The NSA has assembled a gigantic database of telephone calls in the United States, with the help of all of the major telecommunications providers (except Qwest). The database is not of voice recordings, but of calls made. It constitutes data on a huge network of ties between people who call each other. In recent years, sociology and related fields have seen a lot of development in the areas of dynamic modeling of social networks, and in fast algorithms for analyzing large, sparse graphs. Entities with this kind of structure include things like the Internet, or AOL’s instant messenger network, or the universe of telephone calls within the United States. Some of the papers in this edited volume, published by the National Academy of Science, give a sense of what people are doing. (The volume was co-edited by my colleague Ron Breiger.) For instance, you can read about Data Mining on Large Graphs, Identifying International Networks, the Key Player Problem, and the use of MTML models to study adversarial networks. I think it’s fair to say that techniques of this sort are of significant interest to the intelligence community.

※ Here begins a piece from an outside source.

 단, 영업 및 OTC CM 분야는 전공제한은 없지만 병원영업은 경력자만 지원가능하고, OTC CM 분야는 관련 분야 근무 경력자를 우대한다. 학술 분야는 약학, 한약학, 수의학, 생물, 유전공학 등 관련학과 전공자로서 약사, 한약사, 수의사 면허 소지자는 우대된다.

Social scientists, in the normal course of things, are severely limited in the amount of good data they can collect on networks of this sort. The Internet Movie Database has proved a very useful source of data for developing theory and methods in this area because it’s comprehensive and publicly available. Other researchers have set out to collect very large datasets describing some network structure together with the attributes of the people in it. A recent paper by by Gueorgi Kossinets and Duncan Watts, for example, analyzes all the emails sent over the course of a year by 43,000 students, faculty and staff at a large private university. But the traffic analyzed in that paper is just a drop in the ocean of the real flow of communication that travels by voice and email every day.

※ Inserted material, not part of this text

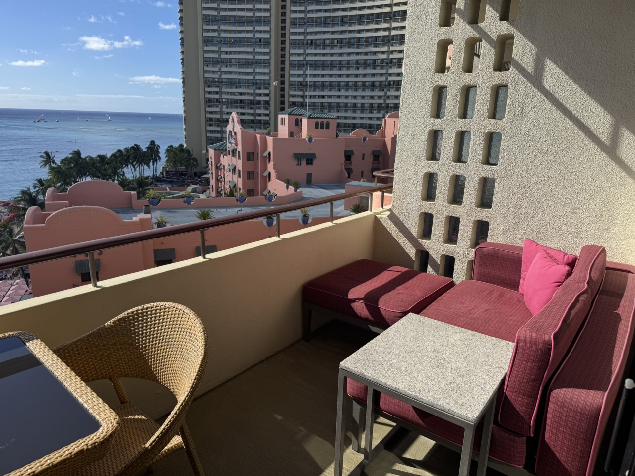 ヒルトンハワイアンビレッジにある37階建ての高層ホテルですが、一部を除いて周囲がホテルの囲まれています。パーシャルオーシャンビューを指定して11階の角部屋に宿泊しましたが、古びたホテルの壁が目の前にあって、かなりがっかりの景観でした。ビルの間からは海が見えるのですが。
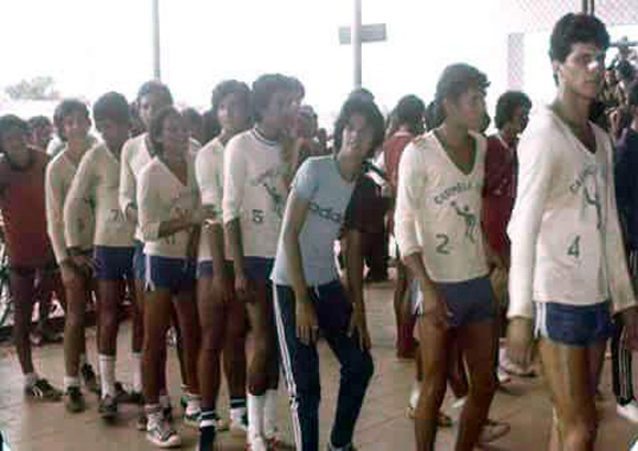 Antônio Tabosa, o primeiro da fila, competindo no Joer na modalidade handebol, entre 1976 e 1980

Social network analysts—in fact, any social scientist who works with quantitative data—often dream of ideal datasets. The kind of thing we would collect if money, time and ethics did not constrain us. When we daydream like this, our thoughts tend toward harmless megalomania: maximally comprehensive data on the whole population of interest, in real-time, with vast computing power to analyze it, and no constraints on updating or extending it. And a pony, too. At the limit, something like Borges’ map is what we want, a perfect, one-to-one scale representation of the world.

Scientists and spies are not so different. The intelligence community’s drive to find the truth, to uncover the real structure of things, is similar to what motivates natural or social scientists. For that reason, I can easily understand why the people at the NSA would have been drawn to build a database like the one they have assembled. The little megalomaniac that lives inside any data-collecting scientist (“More detail! More variables! More coverage!”) thrills at the thought of what you could do with a database like that. Think of the possibilities! What’s frightening is that the NSA is much less constrained than the rest of us by money, or resources, or—it seems—the law. To them, Borges’ map must seem less like a daydream and more like a design challenge. In Kossinets and Watts’ study, the population of just one university generated more than 14 million emails. That gives you a sense of how enormous the NSA’s database of call records must be. In the social sciences, Institutional Review Boards set rules about what you can do to people when you’re researching them. Social scientists often grumble about IRBs and their stupid regulations, but they exist for a good reason. To be blunt, scientists are happy to do just about anything in the pursuit of better knowledge, unless there are rules that say otherwise. The same is true of the government, and the people it employs to spy on our behalf. They only want to find things out, too. But just as in science, that’s not the only value that matters.